# Dad Gets Another Good One



## Fish4Food (Mar 20, 2006)

Here are some pictures of the buck my dad killed while hunting a cut corn field, during the extended gun season, 12 scorable points, with three broken kickers. I thought last year's "Unicorn Buck" was gonna be hard to beat, but I guess not for my dad.


----------



## Fish-N-Fool (Apr 12, 2004)

Nice buck:! - looks to have a real nice sized body on him as well!


----------



## bkr43050 (Apr 5, 2004)

Careful! I think he is just sleeping!! I don't see any holes in him.

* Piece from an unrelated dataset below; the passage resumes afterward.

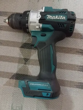 Atornilladora a batería con función Taladro y percutor inalámbrico Makita DHP486 de 18V. Muy bien cuidada, en excelentes condiciones. NO INCLUYE NI BATERÍA NI CARGADOR... - Diseño ergonómico en color negro y turquesa. - Mandril metálico con ajuste de precisión. - Selector de velocidad y par de apriete.
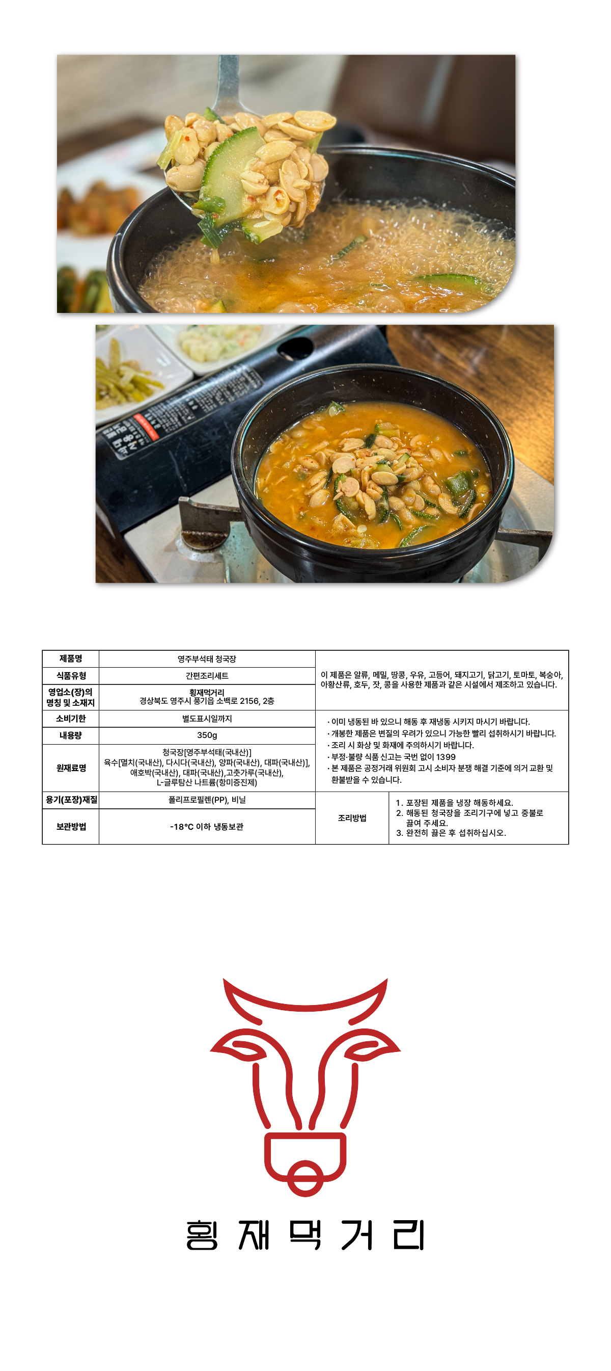 횡재먹거리 밀키트 선물세트(한우불고기 350g*2팩+부석태청국장 350g*1팩)

That is a great looking buck by the way. Congrats to your dad.


----------



## Fish4Food (Mar 20, 2006)

haha, yea he actually put a perfect heart shot on it, the buck was only about 30 yards, I did some retouching on the computer, and took out the entry hole, makes for a better picture


----------



## bkr43050 (Apr 5, 2004)

Fish4Food said:


> haha, yea he actually put a perfect heart shot on it, the buck was only about 30 yards, I did some retouching on the computer, and took out the entry hole, makes for a better picture


Now that you mention the photo touch-up I looked closer at the large picture. I think I actually see the spot. It looks like he took the shoulder out in the process.


----------



## swantucky (Dec 21, 2004)

Very nice buck!!


----------



## Fish4Food (Mar 20, 2006)

yea, I just did a quick cover up you can still see a little discolored area, where its not a perfect match, he actually shot the deer at an angle where the bullet missed the shoulder, and the buck still ran about 80 yards before dropping.


----------



## Fishstix (Aug 16, 2005)

That's a great buck! What county did this buck come out of?


----------



## Kyfisherman1 (Mar 22, 2007)

now that is a nice buck!


----------



## Fish4Food (Mar 20, 2006)

thanks, that buck was taken in Portage county


----------



## Got One (May 26, 2006)

GREAT buck !!! Congrats to Dad....


----------



## chase845 (Nov 2, 2005)

awesome buck! 160s?


----------



## martinconcrete (Feb 4, 2006)

Where did he hit him I dont see any holes. That driving snow brings back some cold memories for sure. Great buck!


----------



## Fish4Food (Mar 20, 2006)

I don't think the buck will score very high actually. I'm not sure how the kickers will be scored, but it will have alot of deductions. The shot was a perfect heart shot, the bullet hole was covered with a little photo editting, thanks everyone


----------



## Kyfisherman1 (Mar 22, 2007)

Fish4Food said:


> I don't think the buck will score very high actually. I'm not sure how the kickers will be scored, but it will have alot of deductions. The shot was a perfect heart shot, the bullet hole was covered with a little photo editting, thanks everyone


that buck is at least in the 160's..... good mass and good tine length


deductions? who cares? that deer grew every inch of those horns, to deduct is non-sense, tell us what his gross score comes out to be?

I'll guess 167

can't beleive you don't think it will score good


----------



## WISH IT WAS YOU (Jul 25, 2006)

omg what a nice buck your dad should be proud and idk that unicorn was crazy looken


----------



## Fish4Food (Mar 20, 2006)

Kyfisherman1 said:


> that buck is at least in the 160's..... good mass and good tine length
> 
> 
> deductions? who cares? that deer grew every inch of those horns, to deduct is non-sense, tell us what his gross score comes out to be?
> ...


haha, tell that to the guys with Ohio Big Buck, I have been around deer scoring my whole life, the pictures make it look a little better than it really is. This buck will probably not net more than 145, it is just too unsymetrical


----------



## Kyfisherman1 (Mar 22, 2007)

net score? heck with that....... i like the if he grows it, it counts method lol

Maybe the pic is making him look better, before editing my post i guessed he would gross 158, then started lookin again and was like dang he might go another 10 lol


----------



## BuckHunter10 (Jan 16, 2007)

awesome buck man that thing is a brute congrats


----------



## chase845 (Nov 2, 2005)

Awesome deer no matter what he scores.


----------



## Fish4Food (Mar 20, 2006)

Unofficial scores are in!!! Now this is just a rough score thrown together by a friend of mine and myself, but we scored the buck at a gross of 162 3/8. And a net of 148. I will be curious to see how close we actually were when we have the buck officially measured at the Ohio Deer and Turkey Expo.


----------



## JK1912 (Jun 11, 2005)

that is a real nice looking buck wish i was out more this year well its not over yet


----------



## Hatchet Jack (Jan 15, 2008)

thanks everyone


----------